Here is what I have done:
|------------> DMZ1 (security90)
| (172.16.28.0 255.255.255.0)
|
|
|
INSIDE (security100)----
(172.16.0.0 255.255.248.0)|
|
|
|
|------------> DMZ2 (security85)
(172.16.32.0 255.255.248.0)
access-list dmz-2-inside permit ip 172.16.28.0 255.255.255.0 172.16.0.0 255.255.248.0
static (inside,dmz) 172.16.28.0 access-list dmz-2-inside
access-list outside-2-inside permit ip 172.16.32.0 255.255.248.0 172.16.0.0 255.255.248.0
static (inside,dmz2) 172.16.32.0 access-list outside-2-inside
nat (inside) 1 access-list nonat-inside-dmz 0 0
nat (inside) 2 access-list nonat-inside-outside 0 0
nat (dmz) 0 172.16.28.0 255.255.255.0 outside 0 0
nat (dmz2) 0 172.16.32.0 255.255.248.0 outside 0 0
global (dmz) 1 interface
global (dmz2) 2 interface
access-list nonat-inside-dmz line 1 permit ip 172.16.0.0 255.255.248.0 172.16.28.0 255.255.255.0
access-list nonat-inside-outside line 1 permit ip 172.16.0.0 255.255.248.0 172.16.32.0 255.255.248.0
I need to accomplish the following:
-traffic sourced from the 172.16.0.0/21 destined to the 172.16.28.0/24 needs to be PAT to the IP
address of the DMZ1 interface.
-traffic sourced from the 172.16.0.0/21 destined to the 172.16.32.0/21 needs to be PAT to the IP address of the DMZ2 interface.

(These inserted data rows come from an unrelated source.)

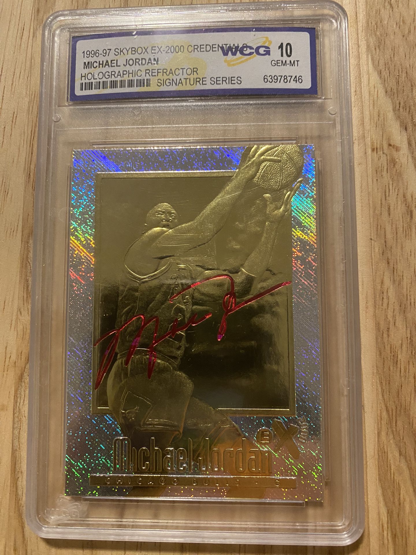 NO 13138 WCG gem-mt Michael Jordan Holographic refractor. Never been exposed to heat nor sunlight. Collector approved this one is rare due to a lot of these don’t have Michael’s left elbow brace when issued but this one does.
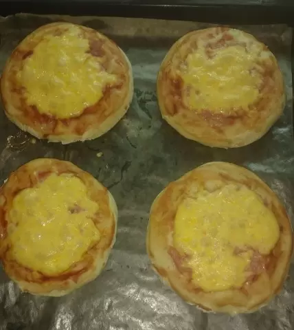 Позвольте заготовкам немного подняться — это займет около двадцати минут. Тем временем подготовьте начинку: натрите колбасу и сыр. Когда пиццы поднимутся, смажьте их сладким кетчупом, добавьте колбасу и посыпьте сыром. За пять минут до окончания выпечки можно дополнительно смазать края пиццы желтком для золотистой корочки.
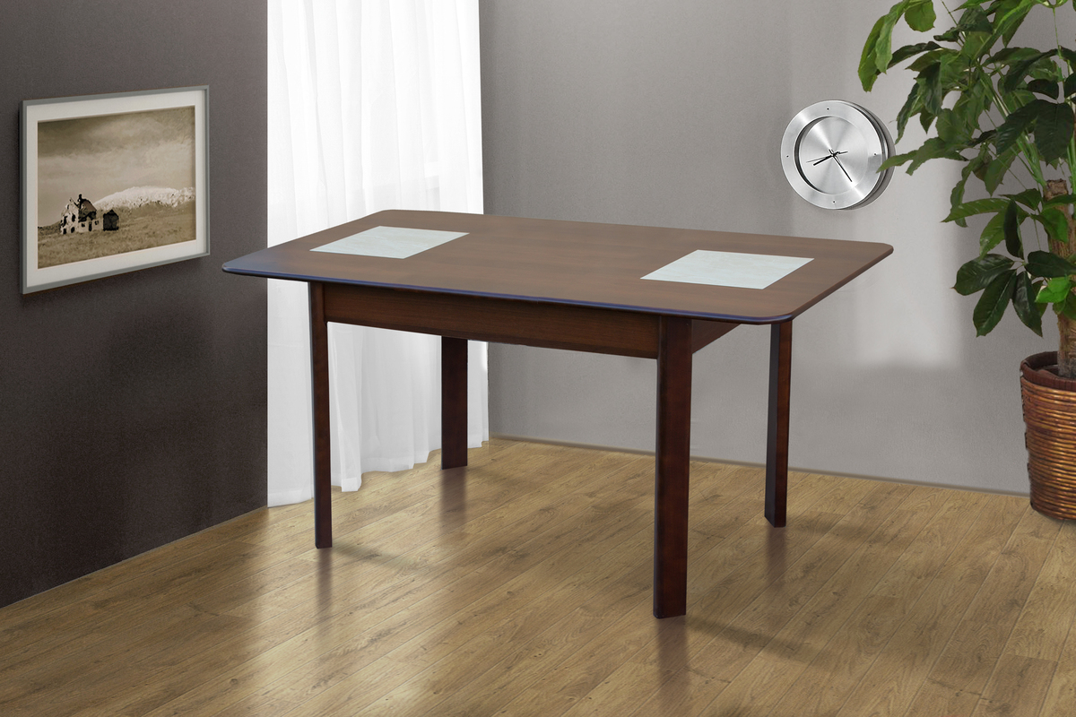 Розмір: 1150(+390)*740 Колір: Каркас: темн горіх; Столешня:темн горіх, кераміка - бежевий. Матеріал: Каркас: масив клена; столешня: МДФ зі штучним шпоном + вставка кераміка. Стіл обідній Бостон досить компактний і добре впишеться в невеликій кухні. Прямокутна стільниця столу з заокругленими краями виготовлена із плити МДФ, яка покрита штучним шпоном і декорована двома вставками з кераміки. Ніжки столу прямі, прямокутної форми, без гострих кутів, виготовлені з натурального дерева.

-traffic sourced from the 172.16.28.0/24 destined to the 172.16.0.0/21 needs to be translated as itself (identity translated).
-traffic sourced from the 172.16.32.0/21 destined to the 172.16.0.0/21 needs to be translated as itself (identity translated)
-traffic sourced from the 172.16.32.0/21 destined to the 172.16.0.0/21 needs to be translated as
itself (identify translated).
I am confused on how the static and nat statement work. If static works both ways, then a policy
static should achieve the one way different required? Thanx.
05-03-2005 01:26 PM
Do not use NAT 0 with static, because NAT 0 will overrule static and static will not work properly. If you try to implement both NAT 0 and Static then you will certainly face issues between internal hosts communicating to dmz. Instead of using NAT 0 along with static, What I would recommend you is to use Static Nat (self-translation for each host) for which you don't want the address to get translated when it reaches the DMZ.
Discover and save your favorite ideas. Come back to expert answers, step-by-step guides, recent topics, and more.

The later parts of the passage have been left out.